[RECORDS SHOWN — start]
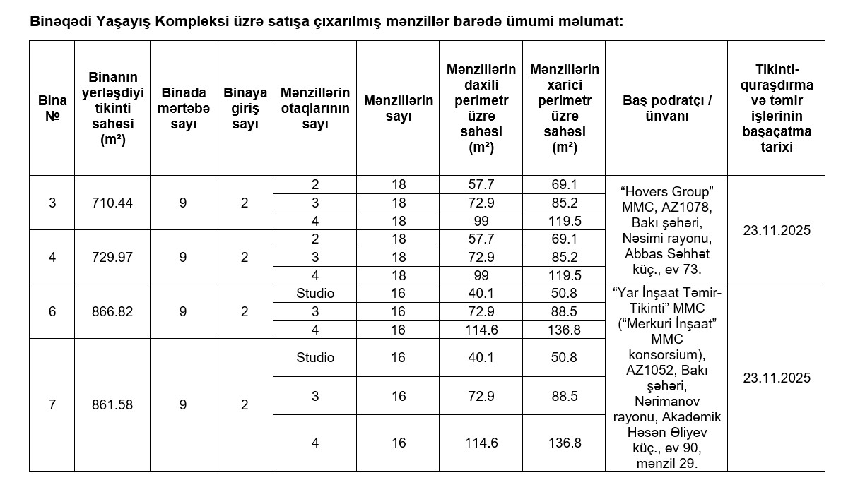 Elanda bildirilir ki, Bakı şəhəri, Suraxanı rayonu, Hövsan qəsəbəsi, Zığ şossesi-Hava Limanı 12-ci km. “22” ünvanında yerləşən Hövsan Yaşayış Kompleksinin birinci mərhələsi üzrə 1 mənzilin, Bakı şəhəri, Suraxanı rayonu, Hövsan qəsəbəsi, Hava Limanı-Zığ şossesi 8-ci km, “10L” ünvanında yerləşən Hövsan Yaşayış Kompleksinin ikinci mərhələsi üzrə 7 mənzilin, Sumqayıt şəhəri, Bulvar küçəsi, 197 ünvanında yerləşən Sumqayıt Yaşayış Kompleksi üzrə 10 mənzilin, Lənkəran şəhəri, Akademik Zərifə Əliyeva küçəsi, 303 ünvanında yerləşən Lənkəran Yaşayış Kompleksi üzrə 10 mənzilin, Bakı şəhəri, Binəqədi rayonu, Binəqədi qəsəbəsi, 10 may küçəsi, 590 saylı sahə ünvanında yerləşən Binəqədi Yaşayış Kompleksi üzrə 204 mənzilin, Şirvan şəhəri, Naxçıvan küçəsi, 58A ünvanında yerləşən Şirvan Yaşayış Kompleksi üzrə 216 mənzilin, Yevlax şəhəri, Rəşad Budaqov küçəsi, 1 ünvanında yerləşən Yevlax Yaşayış Kompleksi üzrə 179 mənzilin, ümumilikdə 627 mənzilin satışı 3 dekabr 2025-ci il tarixində saat 11:00-da başlayacaq və 12 dekabr 2025-ci il tarixi saat 11:00-dək davam edəcəkdir.
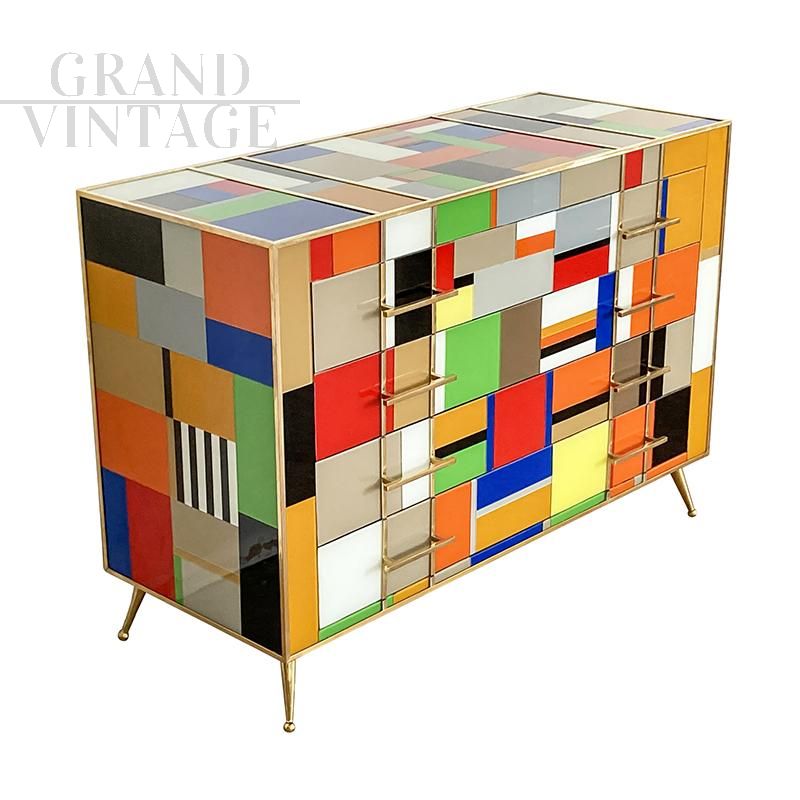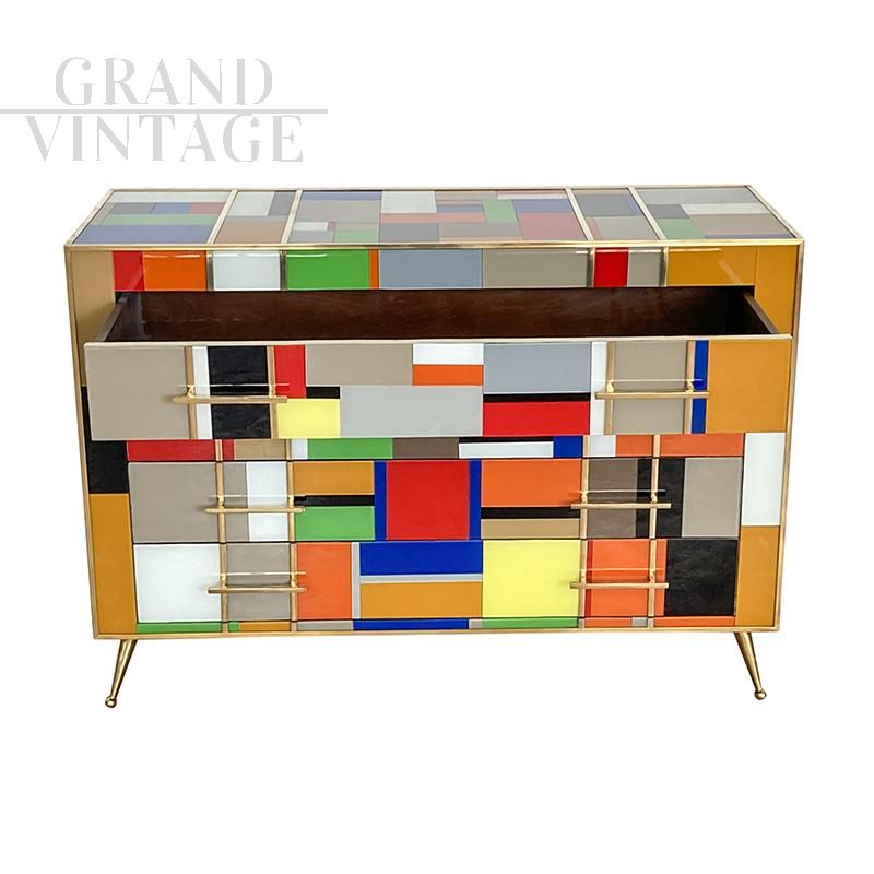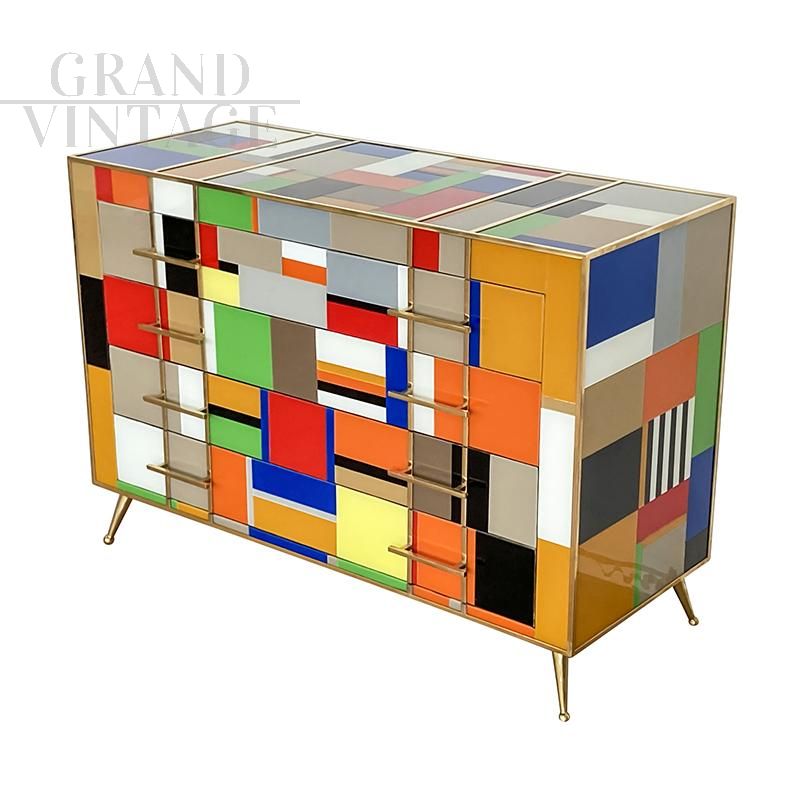 Comò cassettiera con quattro cassetti, interamente realizzato a mano con struttura in legno rivestita con tessere in vetro di Murano multicolore, e con profili, maniglie e piedi in ottone dorato.
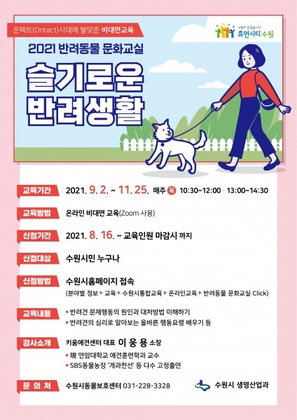 [뉴스앤톡] 수원시가 2021년 반려동물 문화교실 ‘슬기로운 반려생활’에 참여할 수강생을 선착순으로 모집한다.
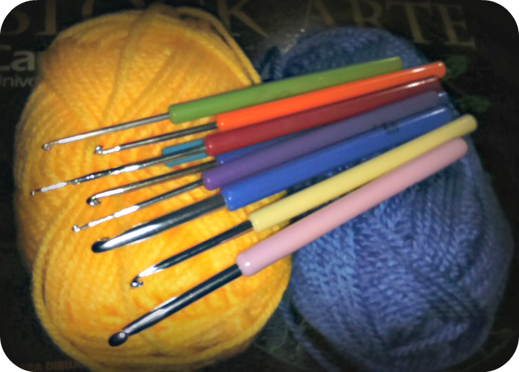 Estos son mis colores y estos los crochets que me he comprado en Lidl
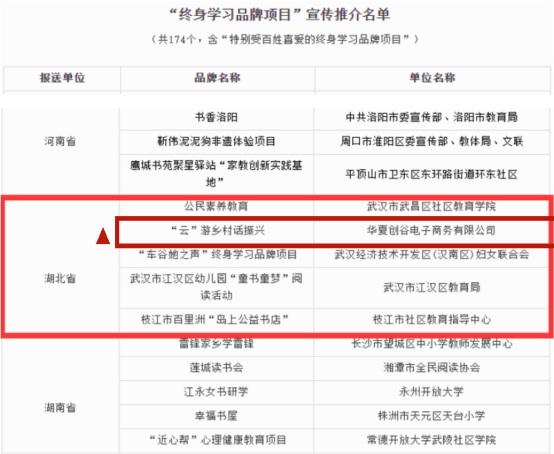 8月31日,我市社区教育指导中心联合谷城县教育局、谷城县社区教育指导中心精心打造的《“云”游乡村话振兴》项目获批全国“终身学习品牌项目”推介。
[RECORDS SHOWN — finish]
WHAT IS NEEDED >> Go to the line with "[뉴스앤톡] 수원시가 2021년" in the entries above. Reproduce that line and each one after it to the end, exactly and without the pictures.

COMPLETED TASK >>
 [뉴스앤톡] 수원시가 2021년 반려동물 문화교실 ‘슬기로운 반려생활’에 참여할 수강생을 선착순으로 모집한다.
 Estos son mis colores y estos los crochets que me he comprado en Lidl
 8月31日,我市社区教育指导中心联合谷城县教育局、谷城县社区教育指导中心精心打造的《“云”游乡村话振兴》项目获批全国“终身学习品牌项目”推介。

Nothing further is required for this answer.